L'Action nationale
bulletin - série 2003
Un marché de dupes
Le Québec canadian est un p’tit Québec.
Robert Laplante
Voilà des mois que ça dure. Un vent de changement souffle,
paraît-il, sur le Canada. Si l’on se fie au babillage
médiatique, le nouveau Premier ministre n’aurait rien en
commun avec le «vieux » ministre des Finances, celui-là qui a
organisé la plus grande arnaque sur la caisse
d’assurance-emploi.
La métamorphose serait-elle à ce point
efficace pour faire oublier le flibustier qui pratique
l’évasion fiscale en faisant battre pavillon de complaisance
aux navires qui font sa fortune ? Réussira-t-elle à faire
oublier que cet homme a été l’architecte de la stratégie
d’asphyxie fiscale en passe de réduire à l’insignifiance le
pouvoir de l’Assemblée nationale du Québec ? Parviendra-t-elle
à semer l’amnésie au point de faire oublier les manœuvres de
celui-là qui a permis aux membres de l’establishment de
transférer des centaines de millions dans des fiducies
familiales à l’abri du prélèvement fiscal ?
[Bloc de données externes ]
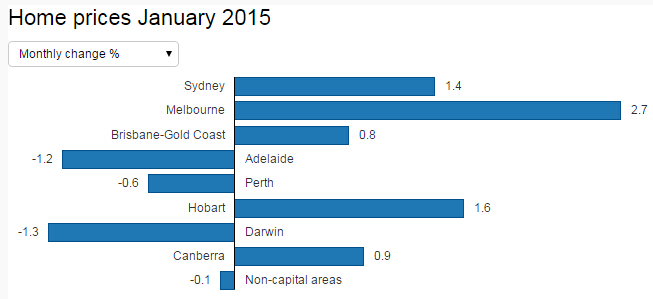 Home prices have kicked off 2015 with further steep rises, led by Melbourne, Sydney and Hobart.
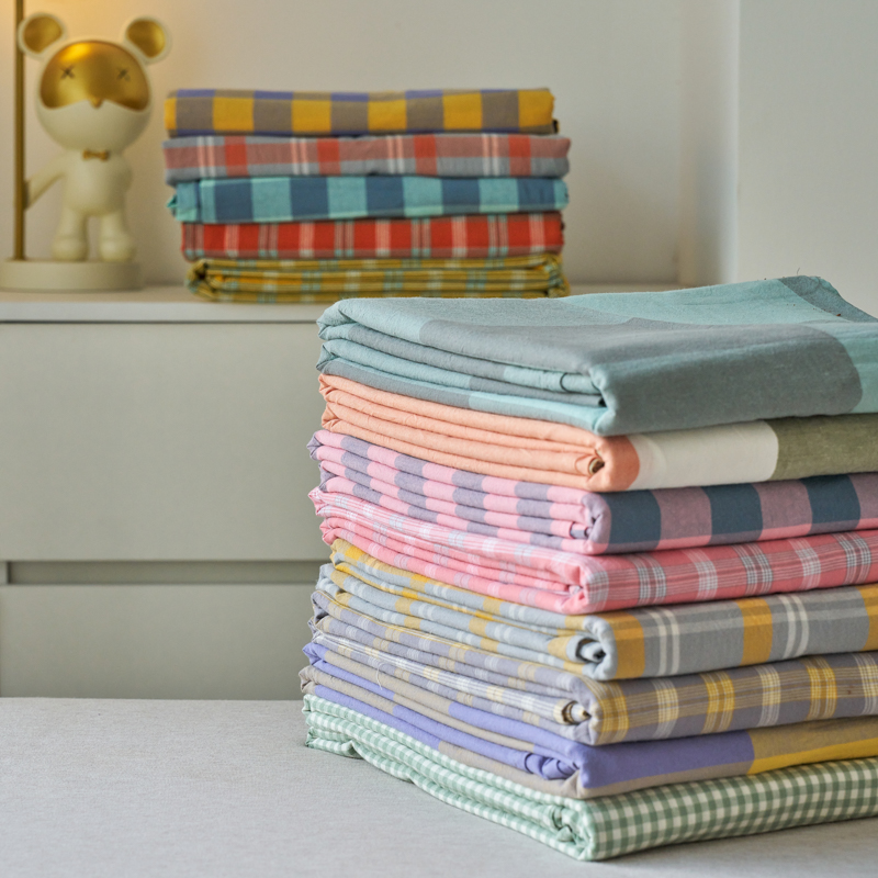 商品名称:贝尔 PELLHOME 全棉色织水洗棉格子单床单(可抖音代发) 梦幻-黄
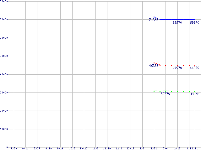| [↑前グラフ]: | LGA 775 (FC-LGA4 ,FSB 800MHz,L2 2MB,Hyper-Threading,Prescott,EM64T・EIST・NX bit対応)の最安値推移 | | [↓次グラフ]: | LGA 775 (FC-LGA4 ,FSB 800MHz,L2 1MB,Hyper-Threading,Prescott,NX bit対応)の最安値推移 |
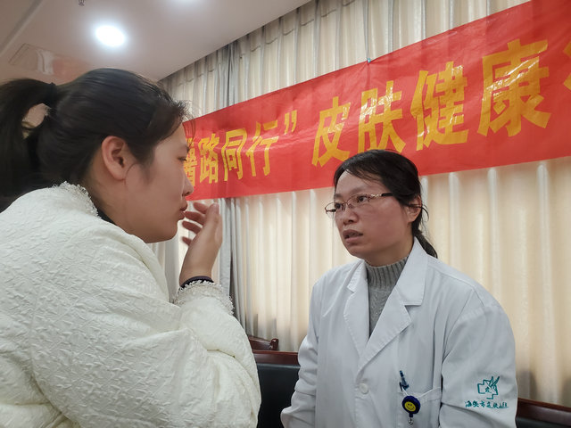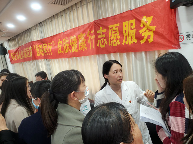 义诊现场,志愿者们热情细致地为需求者检查诊疗,耐心细致地解答她们提出的皮肤健康方面常见问题,并进行健康知识宣教,引导女性朋友增强自我皮肤健康意识,根据个别需求制定了个性化治疗方案。
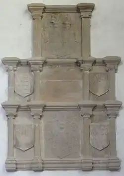 A late 16th century[20] stone heraldic mural monument of Richard Bellew of Ash survives in Braunton Church, on the south aisle wall. It is said to have been taken from the former chapel at Ash.[21] It is a triptych split by use of superimposed orders of short Ionic columns into three rows and seven compartments. Within six of the compartments are escutcheons with heraldry sculpted in relief. The painted inscription and all painted colouring have been lost. It shows Richard's own shield at bottom centre, that of his father at top and on both sides in total 4 further shields of his father (again), grandfather, great-grandfather and great-great-grandfather.
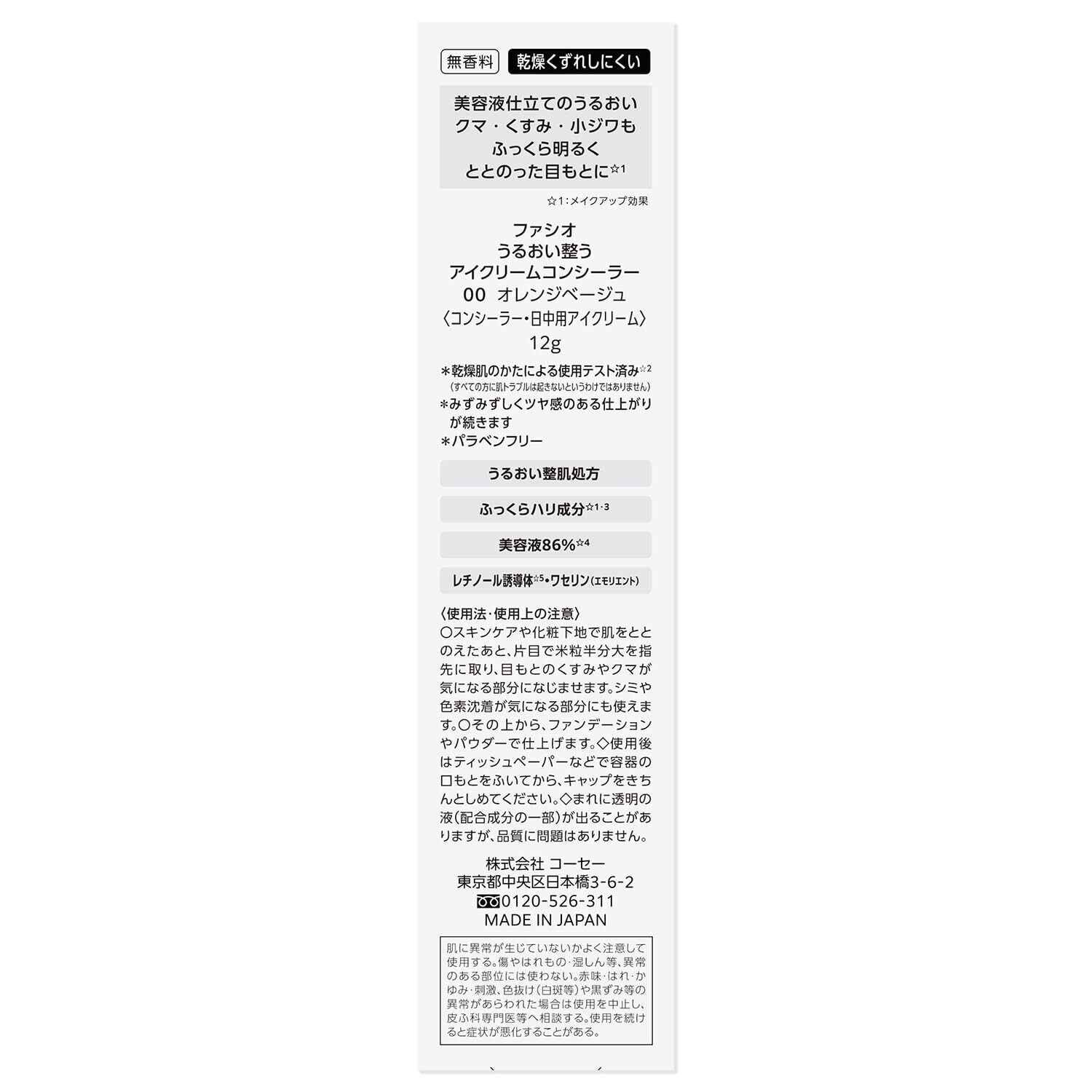 【人気商品】FASIO(ファシオ) うるおい整う アイクリームコンシーラー 00 オレンジベージュ 12g 目もと用コンシーラー 乾燥 クマ シミ 美容液 ツヤ 色ムラ補正 レチノール誘導体 無香料

Il faut en convenir, Paul Martin réussira tout cela. Il le
fera parce que le Canada est prêt à payer ce prix, parce que
les Canadians ont accepté de soumettre leur démocratie au
parti unique plutôt que de faire la moindre concession envers
tout ce qui aurait pu avoir l’air d’un signe de reconnaissance
du caractère bi-national du Canada. Ils sont désormais
convaincus que la question du Québec est réglée. Ils sont tout
à la construction de leur vie nationale, de leur réalité
nationale enfin délestée de l’encombrant fardeau de la
différence québécoise.
Et c’est en cela que Paul Martin leur apparaît l’homme du
changement. Jean Chrétien n’était plus, pour eux, qu’une
relique fadasse, le témoin d’une époque jugée non seulement
révolue, mais dont le souvenir mérite même d’être chassé de la
vie publique. La vie normale enfin, pour un pays normal. Un
pays anglais enfin gouverné selon les vœux de sa majorité
désormais débarrassée de la mauvaise conscience des uns, des
lamentations des autres, enfin soulagée de n’avoir plus même à
préserver les apparences, à faire semblant d’être conciliante
avec sa grosse minorité geignarde. Tous canadian once and
forever.
Chez Gesca on entonne un vieux refrain pour mieux feindre de
ne rien entendre. Les analyses ont déjà commencé de pleuvoir
pour compter les anglo bilingues, pour soupeser l’influence du
Québec dans le cabinet, pour savoir si les nouveaux gérants de
la bourgade seront plus influents que les anciens lieutenants
retournés jouer les plantons d’arrière-banc. On va nous vanter
la profondeur de vue, l’expérience et la fraîcheur des
nouveaux promus, se réjouir du changement de ton, se remettre
même à prétendre que les choses vont s’améliorer … pour
aussitôt se répandre en nuances pour dire que, tout compte
fait, elles n’auront pas tant à changer puisque, Chrétien
parti, l’on constate déjà que le plus inacceptable était dans
la manière…
La mise en scène de la nouveauté ne suffira cependant pas à
cacher une continuité lamentable. Paul Martin, comme tous ceux
qui l’ont précédé, a encore trouvé le moyen de nommer un
francophone de service pour faire la sale besogne. Pierre
Pettigrew, son nouveau concierge, ne sera puissant à la Santé
que pour mieux faire la politique qui visera le Québec à la
jugulaire. Un précieux pédant pour nous servir la
condescendance d’Ottawa pour nos grabataires !
Il fallait y
penser. Avec quelle délicatesse affectée va-t-il nous
expliquer qu’il faut passer outre les compétences québécoises
pour laisser primer la compassion canadian !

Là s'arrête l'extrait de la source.